I sometimes joke that my work is fiction — “I make it all up” — but that isn’t true. All writers draw to some extent on our own experiences and environments, not to mention what we’ve studied, heard about from other people, or researched properly. Whether we take a real-world element and put it unchanged into a work of fantasy or science fiction or whether we use that element as a springboard to create something “new” (AKA, a fantastical variation), we weave things, people, and events that actually exist into our fictional worlds.
For my novelet, “Among Friends,” (F & SF March/April 2013), I drew heavily on the history of Quakers and the Underground Raillroad. The sfnal element in this story, which might be categorized as antebellum steampunk, revolves around the interaction of the Quaker community and a slave-catching automaton. While history, particularly the biography of Thomas Garrett, provided a wealth of plot points and setting details, the heart of the story was how this community of people might question whether a mechanical device partakes of the Inward Light. I used the Quaker community because it’s one I know well, at least in its present progressive version. My husband is a member of the Religious Society of Friends, Pacific Yearly Meeting, and I’ve attended meeting regularly for a number of years. I’m not a theologian, Quaker or otherwise, but I have first-hand familiarity with the ways of thinking and speaking about spiritual issues in that tradition. Quakers today, as then, strive to see “that of God in every person.” So how would they regard an entity that looks human — would they “try what love can do”? Would that entity, treated as if it had moral agency, then acquire the ability to seek the good? With the goal of creating a vivid and internally consistent culture, one that is familiar enough to the average reader to be comprehensible and different enough to be fascinating, I wove together historical research, personal experience, and a fantastical element. Mindful of my own limitations, I asked several “weighty Friends” to review the draft for background accuracy.
A couple of weeks ago, I took my author’s copy to a potluck at the Meetinghouse.
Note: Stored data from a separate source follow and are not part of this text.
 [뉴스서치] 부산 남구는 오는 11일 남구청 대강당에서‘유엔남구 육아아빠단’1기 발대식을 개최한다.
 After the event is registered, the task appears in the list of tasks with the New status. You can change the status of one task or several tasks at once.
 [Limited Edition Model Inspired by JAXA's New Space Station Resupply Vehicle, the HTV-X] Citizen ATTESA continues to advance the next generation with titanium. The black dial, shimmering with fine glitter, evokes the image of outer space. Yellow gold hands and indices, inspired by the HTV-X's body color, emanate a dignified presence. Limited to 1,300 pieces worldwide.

I had no thought beyond sharing an occasion of celebration, but was convinced with Quakerly velvet-clad determination to read it aloud. The fascinating part was how deeply my Quaker audience connected with the familiar elements of the story and how delighted they were to hear their traditions presented. The automaton, however, posed particular challenges for them. A few knew Asimov’s Laws of Robotics and even fewer had heard of the Turing Test (a way of evaluating whether machines can “think” like humans). The ensuring discussion took quite a different direction from one in an audience familiar with science fiction tropes but much less so with Quaker history and process.
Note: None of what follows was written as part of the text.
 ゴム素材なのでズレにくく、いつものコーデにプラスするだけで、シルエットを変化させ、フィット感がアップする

The reading and discussion reminded me of my experience reading aloud my short story, “Survival Skills” (Sisters of the Night, 1995). The short version is “vampire mother struggling to raise 2 kids joins the PTA.” I read it to the PTA at my younger daughter’s elementary school and also at sf conventions. The PTA moms got all the PTA jokes, even saying they knew some of the characters. And the fans got the vampire jokes. (I should add that everyone got the awful puns.)
The door opens in both directions. Maybe some of the fans who read “Among Friends” will become curious about Quakerism, because some of the PTA moms did go out and buy the whole anthology and who knows, some of them might now be avid fantasy readers? Maybe “Among Friends” will prove to be a portal for Quakers to discover the world of science fiction?
We have a tendency to keep within our own community, or the target readership. I think that does our work and our potential audience a disservice. When we set our stories or use history in our work, we create an entire second readership. So far, my experience in reaching out to those new readers has been richly rewarded. I invite you to try it with your own work.